Japan’s Ministry of Industry has asked a city in the west of the country to accept an initial study of a site for the final disposal of high-level radioactive waste.
The move comes five days after the meeting of the city of Genkai, Saga Prefecture, approved a petition calling for acceptance of the first level of research submitted through three organizations.
The law requires that high-level radioactive waste from nuclear power plants be buried more than three hundred meters underground. It also requires three-stage studies to be carried out to choose potential disposal sites.
On Wednesday, a senior official at the Ministry of Industry delivered a letter from the minister requesting the investigation to Genkai Mayor Wakiyama Shintaro.

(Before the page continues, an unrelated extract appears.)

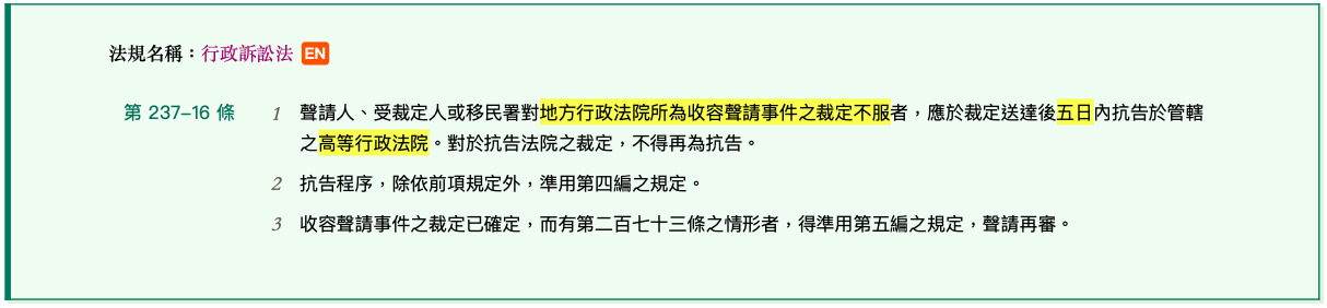 (C)聲請人等若對收容聲請事件之裁定不服者,應於裁定送達後 5 日內抗告於管轄之高等行政法院 行政訴訟法237-16

The mayor said he was taking the assembly’s approval seriously and would give a response.
This is the second case in which the central government has asked a local government to accept the investigation, following the first one in the village of Kamoenai in northern Hokkaido Prefecture in 2020.
The first-stage investigation is carried out after a government has requested it or accepted a request from the central government.
The city of Genkai is home to a nuclear power plant. The investigation would be the first of its kind in a municipality where a nuclear power plant is located.
These surveys were conducted in Kamoenai Village and Suttu City, Hokkaido.
Several other mayors of the city had expressed their intention to accept the investigation. A municipality that accepts the first survey will get a subsidy of up to 2 billion yen, or more than $12 million. None of them officially accepted the investigation after facing local opposition. .
The central government needs to increase the number of test sites, as securing parking spaces has long been one of the most demanding situations in Japan’s nuclear industry.